Свет вместе с шумом леса как будто исчез. Вода!!!
Она добралась, она успела!!!
Слева заскользила полупрозрачная тень. Громадная рептилия неслась рядом, извиваясь всем телом и, то и дело, касаясь бедра. Девушка повернула голову и в мутной воде неизвестной реки улыбнулась плывущему рядом крокодилу.
Свобода…

Заходящее солнце серебрило волнующуюся гладь широкой, мутной реки. Где-то, совсем рядом, обиженно скулила потревоженная кем-то ветка. Кольцо камыша, опоясывающее реку, волновалось под смеющимися ладонями неугомонного ветра. Ветви столетних деревьев, кое-где пробиваясь через стену камыша, купали тонкие пальцы в позолоченной солнцем глади.
И только создания, стоящие сейчас у самой кромки камыша не замечали дикой красоты реки. Их звериные взоры были направлены вниз, как бы стараясь пронизать водную твердь. Их полупрозрачные тела расплывались в свете заходящего солнца, множась и переливаясь.
Вдруг, одно из этих существ встало на четвереньки и исчезло серой дымкой в сгущающихся сумерках. Еще через мгновение берег реки был девственно безлюден, если тех, кто там был можно назвать людьми.

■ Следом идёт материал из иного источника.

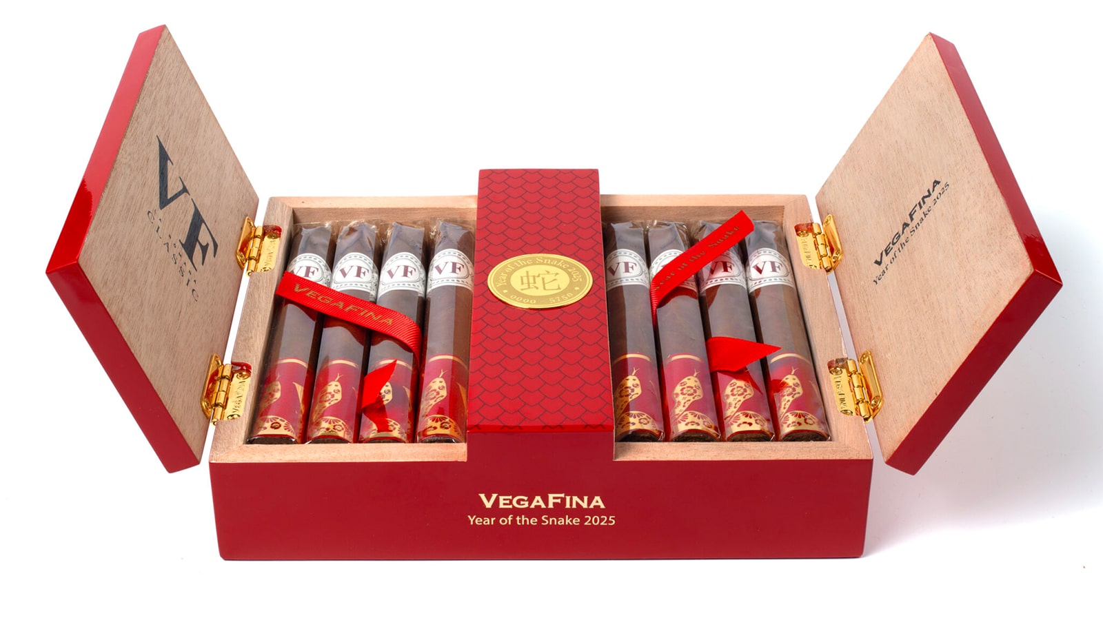 Next month, Tabacalera S.L.U. will launch the VegaFina Year of the Snake 2025, a 56 x 159 mm (6 1/4″) corona extra with a long pigtail designed to resemble a snake’s tongue.

Впрочем, может быть, там никого и не было. Ибо точно известно, что нет никого из ныне живущих, кто бы видел этих существ, или эту реку, или весь окружающий мир, затерянный в неизвестном месте и времени.



Восемнадцать лет спустя.
Глава 1.
Начало пути.
Громадная, рваная пасть болот, окаймленная клыками молодого камыша, медленно, как бы нехотя, захватывала в вязкую бездну горящее марево солнца.
 На склоне холма, свесив ноги с большого, некогда поваленного грозой дуба, сидела худенькая, немного нескладная девчушка. И хотя ей было уже шестнадцать, она смотрела на мир большими, серыми, как ползущие по небу тучи в декабре, наивными глазами.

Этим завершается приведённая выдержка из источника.